Page MenuHomePhabricator

Deal with Google Chrome User-Agent deprecation
Open, MediumPublic

Description

Background

Google Chrome is changing the way it shares user-agents for increased privacy of users. You can read more about it here: https://www.chromestatus.com/feature/5704553745874944

Google Chrome has released Client Hints to provide device information. This first release “is intended to allow for developers to experiment and provide feedback”: https://groups.google.com/a/chromium.org/g/blink-dev/c/-2JIRNMWJ7s/m/u-YzXjZ8BAAJ

Technical practicalities

How it works (simple overview)

  • A user sends a request to our site via their browser (e.g. “show me an article”)
  • Our server sends a response that includes the article and a header that asks the browser to send some user data on the next request
  • If the user makes subsequent requests (e.g. “show me another article” or “show me the editor so I can edit this article”) they will also include this user data

Differences from receiving the user agent string

  • The site asks explicitly for the information, meaning that this can be flagged up to the user
  • The site specifies which information it needs, out of this list
  • Browsers may legitimately decline to send the information (e.g. if considered unnecessary or if the site is asking for too much)
  • If the user only ever sends one request, we will not receive any extra data
Rollout plan

Client hints is an experimental feature on Chrome 84, meaning that the browser will only send client hint data if the user has enabled Experimental Web Platform features (disabled by default).

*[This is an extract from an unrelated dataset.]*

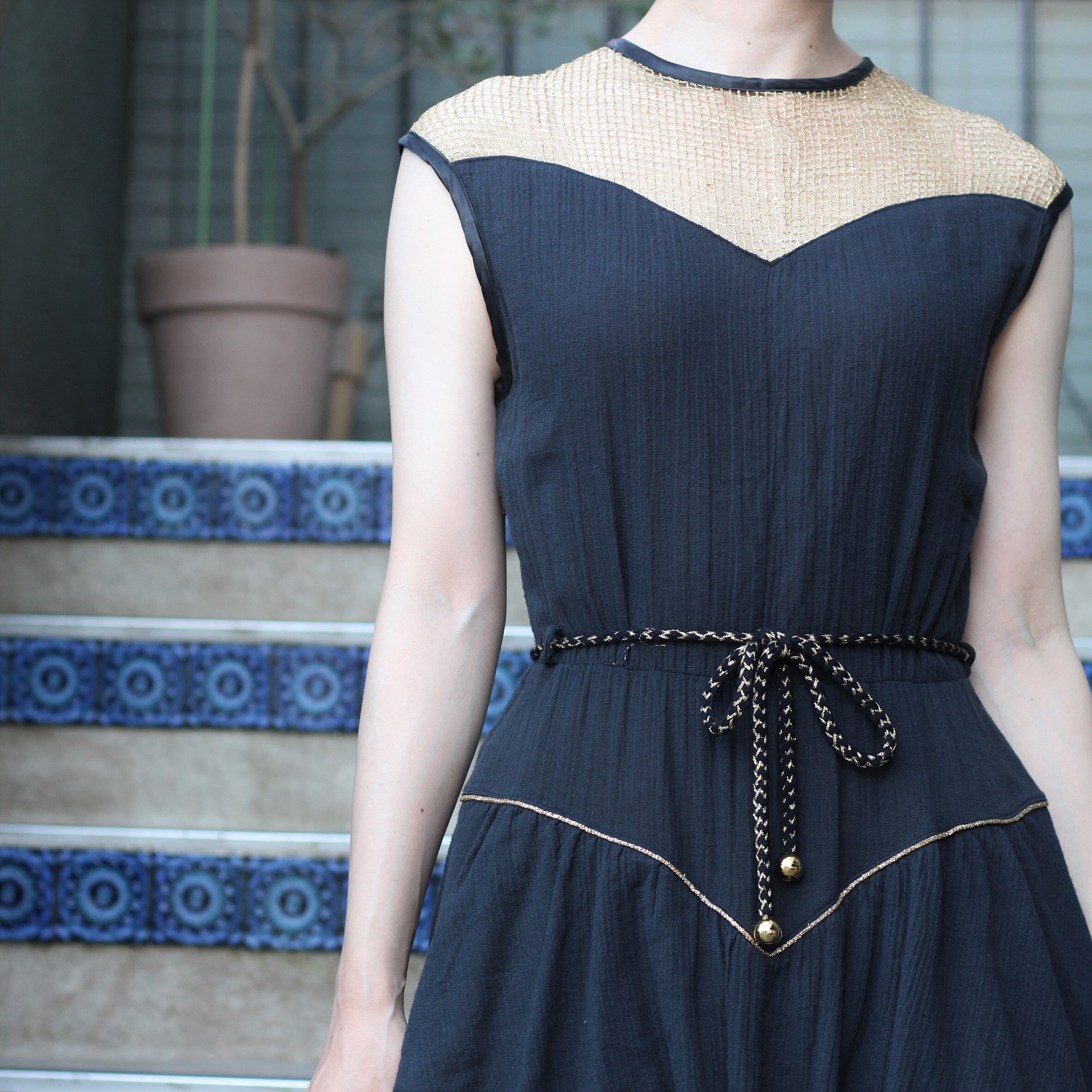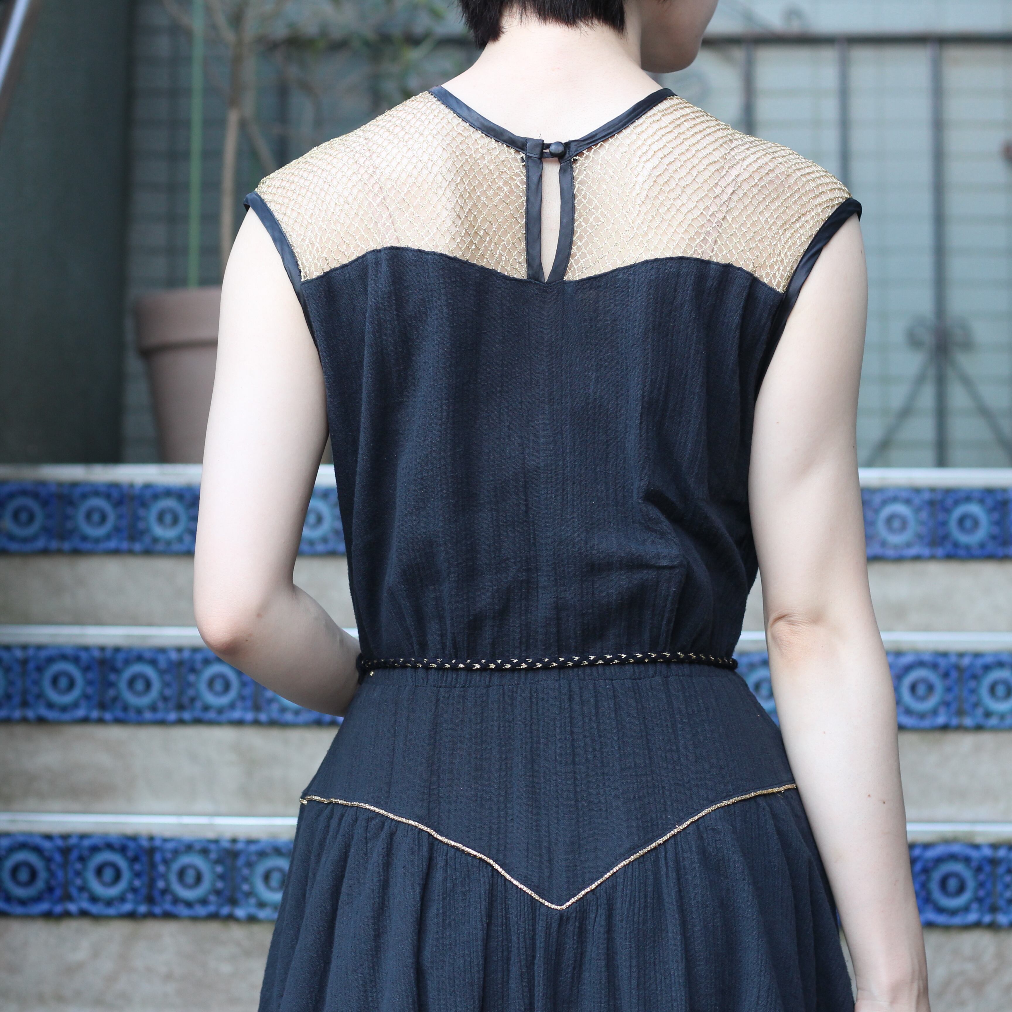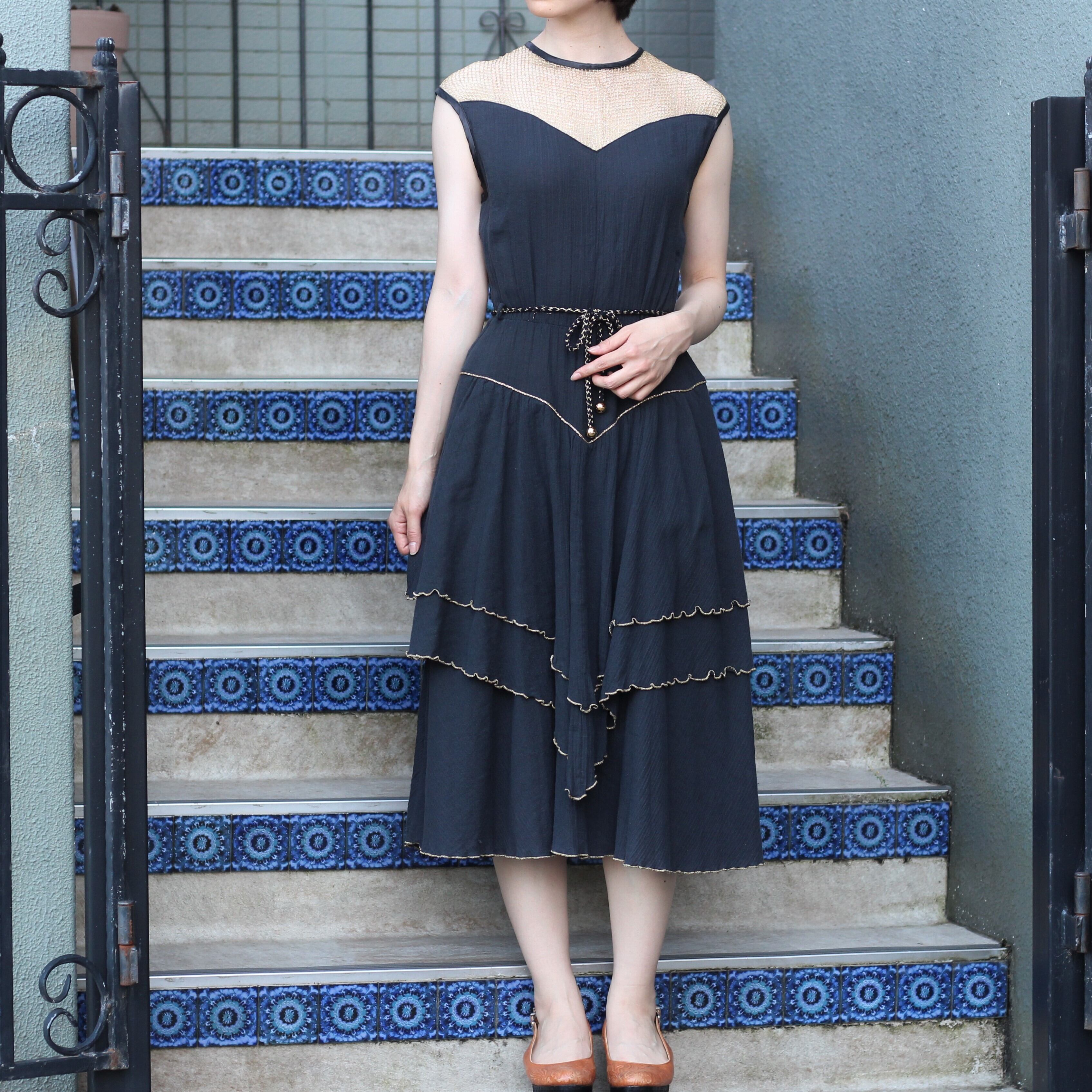 *SALE* EU VINTAGE LACE DRAPE DESIGN NO SLEEVE ONE PIECE/ヨーロッパ古着レースドレープデザインノースリーブワンピース

Google Chrome Stable VersionStable promotionWhat happens then?
Chrome 84July 14, 2020Sec-CH-UA Client Hints
Chrome 92October 6, 2020Audit site to understand where migration may be necessary
Chrome 95October 19, 2020Origin trial to experiment with Client Hints and provide feedback
Chrome 100March 29, 2022Deprecation trial (opt-in)
Chrome 101April 26, 2022Reduced Chrome version number rollout
Chrome 107October 25, 2022Reduced Desktop User-agent string rollout
Chrome 110Feb 7, 2023Reduced Mobile User-agent string rollout
Chrome 115May 2, 2023Deprecation trial ends. Everyone receives reduced user-agents

Chrome versions release schedule

Implications on CheckUser

User-agent strings are important pieces of information for checkusers and stewards in their work of detecting and blocking sock accounts. To continue to get that important data, we should implement support for client-hints on our end.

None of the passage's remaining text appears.